Differences in exercise‐induced blood pressure changes between young trained and untrained individuals

Kenji Nakamura 1, Takeshi Fujiwara 2, Satoshi Hoshide 2, Yusuke Ishiyama 2, Mizuri Taki 2, Seiji Ozawa 1, Kazuomi Kario 2,
PMCID: PMC8678678  PMID: 33455054

Abstract

There are no studies assessing short‐term blood pressure (BP) changes induced by daily exercise load in young trained individuals. The authors enrolled 25 healthy, trained (mean age 19.7 ± 0.1 years, 36% female) and 26 healthy, untrained (mean age 20.4 ± 0.3 years, 50% female) individuals and measured BP after the Master two‐step test. Among them, 42 individuals underwent echocardiography after BP measurements to assess left ventricular mass index (LVMI). The baseline systolic BP (SBP) levels of trained and untrained individuals were 122.7 ± 2.9 versus 117.4 ± 1.5 mmHg, respectively (p = .016). Trained individuals showed a significant suppression of the SBP increase soon after exercise loads and lower SBP levels at 1, 2, and 3 min after exercise loads compared with untrained individuals. The peak SBP level over the study period was also significantly lower in trained individuals than in untrained individuals: 156.4 ± 3.3 versus 183.7 ± 5.2 mmHg (p < .001). Trained individuals showed significantly higher LVMI compared with untrained individuals: 129.4 versus 101.6 g/m2 (p < .001). These findings demonstrated that trained individuals showed significant suppression of short‐term BP variability in response to by daily exercise loads and prompt SBP recovery from acute exercise loads compared with untrained individuals. Our results would be useful to understand short‐term BPV and LV hypertrophy induced by adaptive responses of the heart to regular exercise loads.

Keywords: blood pressure, exercise tolerance, exercise‐induced change, left ventricular mass index, young trained individuals

1. INTRODUCTION

Recent epidemical and clinical studies have shown that not only mean blood pressure (BP) levels but also BP variability (BPV) is associated with cardiovascular target organ damage and incident cardiovascular disease outcomes in general populations. 1 , 2 , 3 , 4 Among several BPV parameters, short‐term BPV is affected by various types of intrinsic factors, such as increased central sympathetic drive and reduced arterial and cardiopulmonary reflexes, 5 increased arterial stiffness, 6 , 7 and humoral 8 and genetic factors. 9 In general, BP levels tend to increase in response to physical exercise, 10 and the degree of increase in BP by exercise loads may depend on differences in age, sex, type of exercise, and exercise tolerance.

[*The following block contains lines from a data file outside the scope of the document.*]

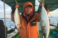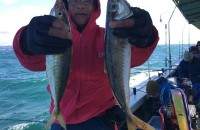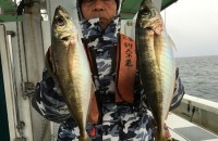 朝からアタリポツポツ有りました船中タイ16匹他ハマチ24匹メジロ2匹
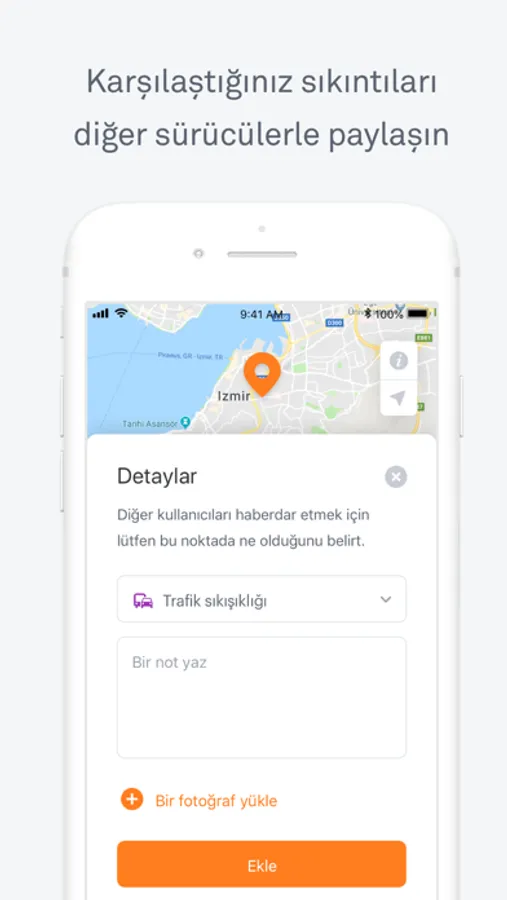 Kullanıcılar ve ekibimiz tarafından harita üzerine eklenen pinlere bakarak anlık trafik bilgisini öğrenebilir veya yeni bir pin ekleyerek diğer insanlara lokasyon hakkında bilgi vererek yardımcı olabilirsin.
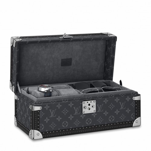 This elegant watch case in masculine Eclipse Monogram canvas has a removable microfiber cushion and ..
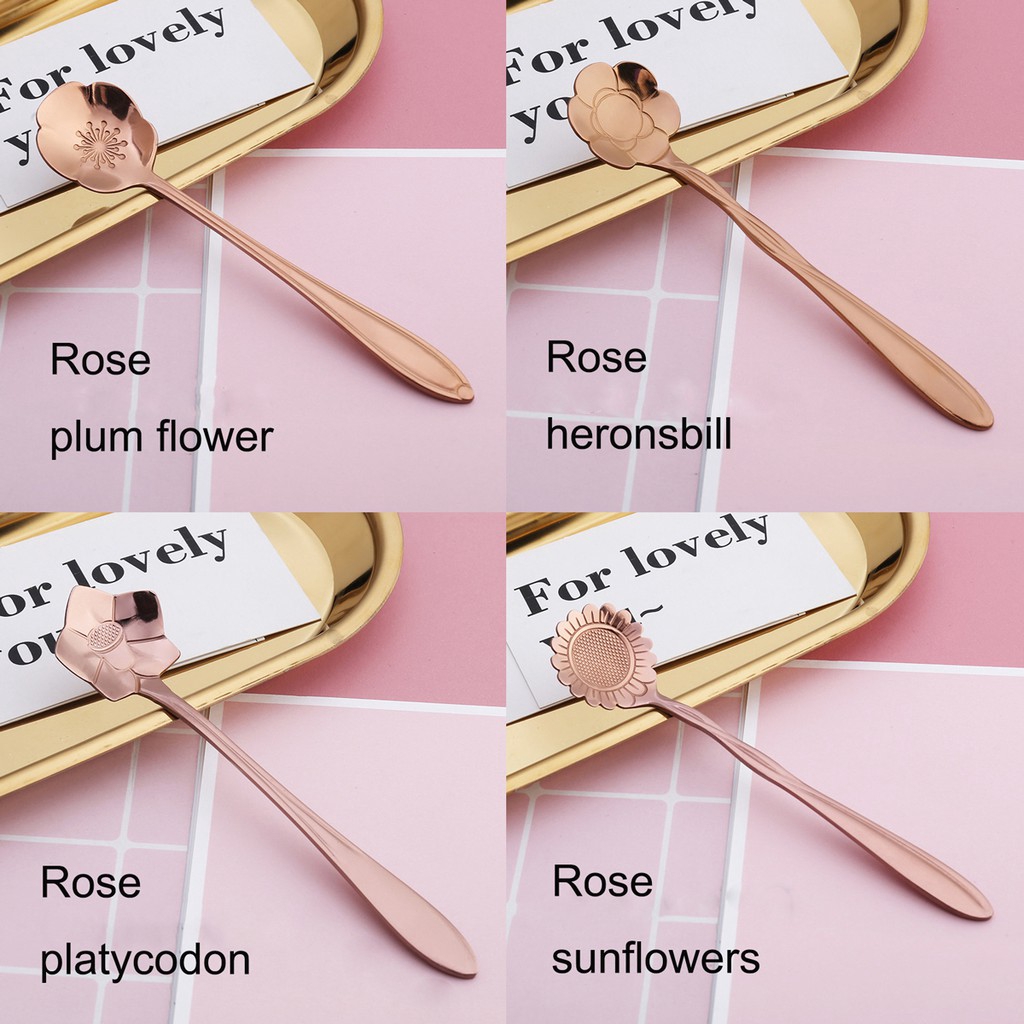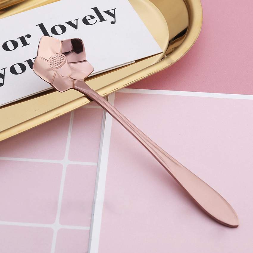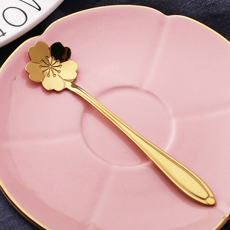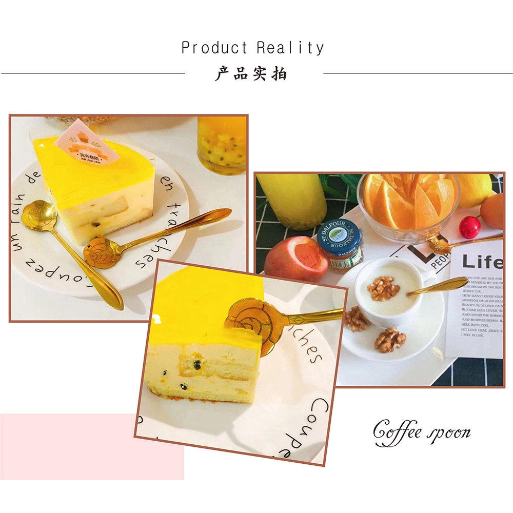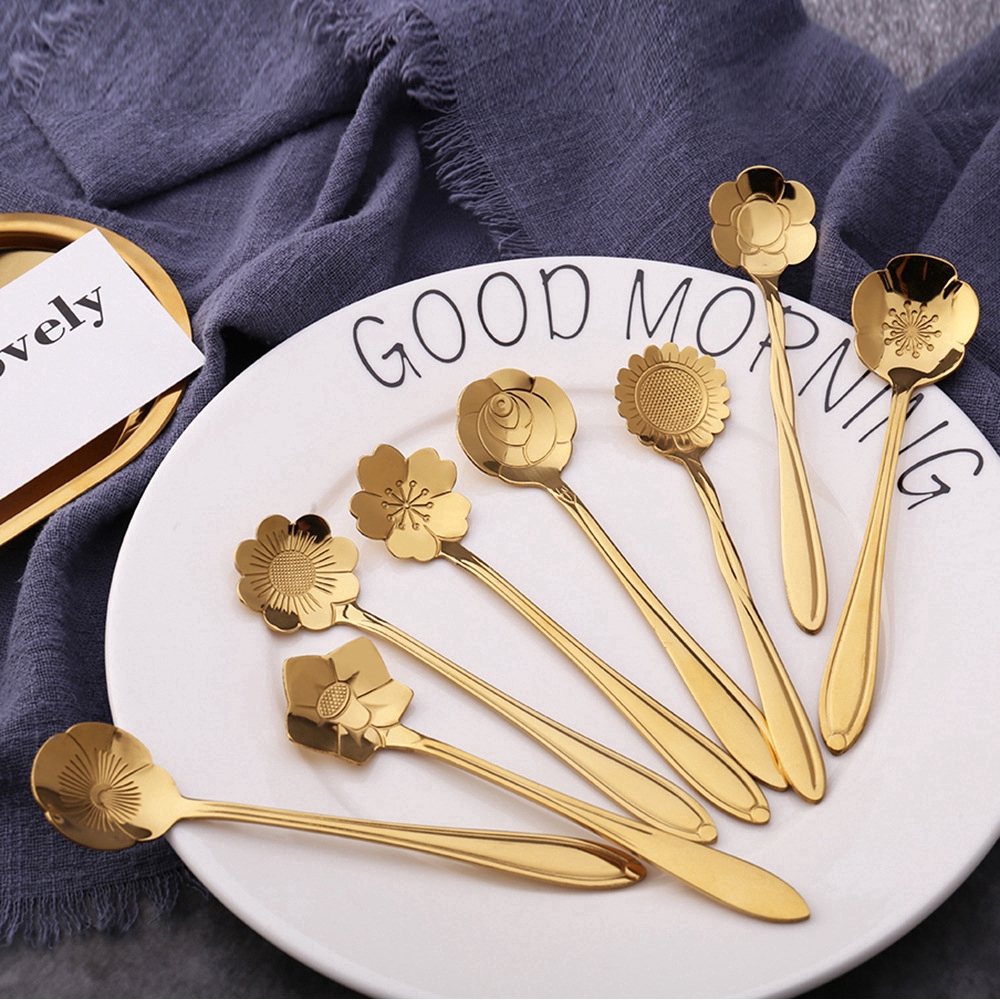 ช้อนกาแฟ ลายดอกไม้ สีทอง ขนาด 13 ซม.

Exercise is recommended not only for patients with hypertension but also for all individuals other than those with normal BP, 11 and an increase of physical performance by continued exercise lowers the prevalence of various chronic diseases 12 and mortality. 13 In regard to the association between exercise and exercise‐induced BPV, previous studies assessed the BP changes by maximal exercise loads in trained individuals. 14 , 15 Those studies demonstrated that trained individuals showed higher BP responses by maximal exercise, which in turn indicated that the trained individuals might have an adaptive response that was associated with increased cardiac output. In addition, trained individuals have been reported to exhibit physiological cardiac hypertrophy by adaptive responses. 16 , 17 On the other hand, there have been no studies assessing the BP changes induced by daily exercise loads, rather than maximal exercise, in trained individuals. If the clinical implications of short‐term BPV induced by daily exercise levels were clarified, the results would be useful to elucidate the adaptive response to exercise loads in trained individuals.

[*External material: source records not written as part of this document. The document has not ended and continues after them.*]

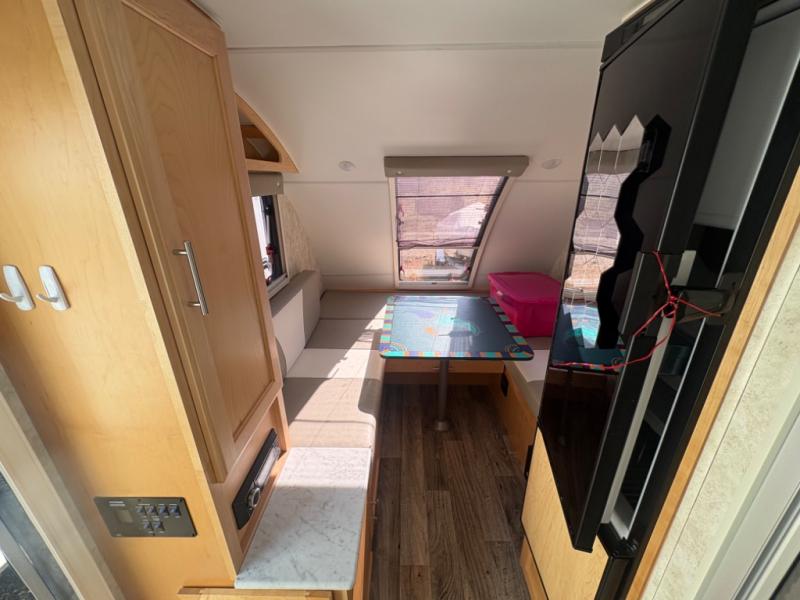For your next camping trip, you will want this Little Guy Mini MAX teardrop trailer. There is sleeping space for two in this model, and you will enjoy plenty of conveniences, such as a wet bath with a three-function sprayer and a marine-style toilet. Enjoy your meals at the U-shaped dinette that can convert into one queen-size bed or two twin-size beds. Your perishables will stay cool in the 5 cu. ft. three-way Norcold refrigerator which has double doors and a tall profile, plus it is astonishingly large for this class of RV. The four insulated dual pane windows have a darker tint for privacy and temperature control, and when you are laying in bed at night, you can enjoy a view of the stars from the optional vertical stargazer window which opens nearly 90 degrees and offers plenty of natural light during the day.
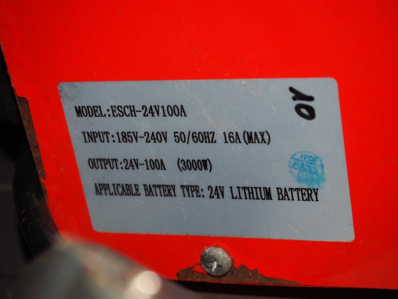 Battery charger, dimensions: 220 mm x 200 mm x 380 mm.
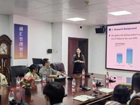 互动交流环节,师生们围绕模型假设的现实适配性、运力共享的成本分摊机制、研究结论在多平台场景下的延伸应用等问题积极提问。陈雅娟老师逐一作出细致解答,以扎实的学术功底和丰富的研究经验与师生展开深度探讨,现场氛围热烈,掌声不断。
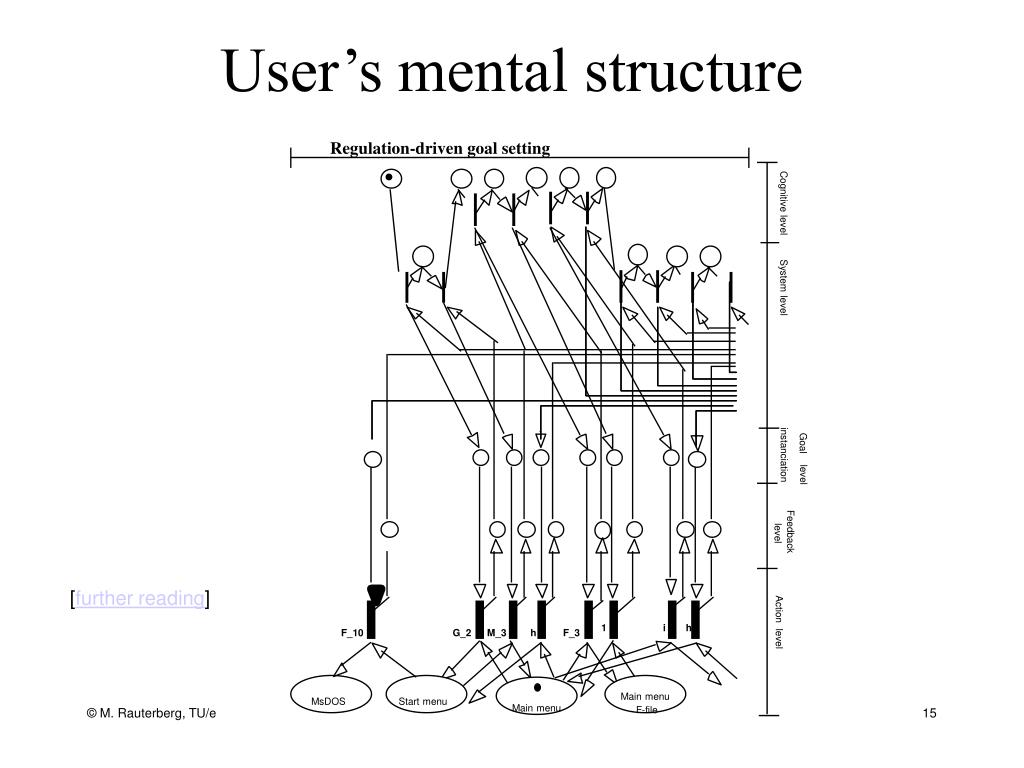 User’s mental structure Regulation-driven goal setting Cognitive level System level Goal instanciation level Feedback level [further reading] Action level 1 i h F_10 G_2 M_3 h F_3 Main menu MsDOS Start menu Main menu F-file

In the present study, we investigated the BP changes by daily exercise loads between trained and untrained individuals. We hypothesized that trained individuals would show lesser short‐term BPV in response to daily exercise loads compared with untrained individuals via an adaptive cardiac response.

2. METHODS

2.1. Study participants

Fifty‐five healthy participants were recruited at the Takasaki University of Health and Welfare, Gunma Prefecture, Japan. We defined the participants who had belonged to athletic clubs and trained for more than 2 h a day more than 4 days a week as trained individuals, and those who did not belong to any athletic club and had no exercise habits as untrained individuals. The ethics committee of the Takasaki University of Health and Welfare (Takasaki, Japan) approved the study.

2.2. Blood pressure measurements

We measured ambulatory BP with a validated automatic device (TM‐2441; A&D Co.) that recorded the participant's BP using an oscillometric method. One BP reading was taken with participants in a seated position. After that, all participants underwent a Master two‐step test. We measured the BP levels immediately after the exercise load, and at 1, 2, and 3 min after the exercise load, for a total of four measurements in each participant.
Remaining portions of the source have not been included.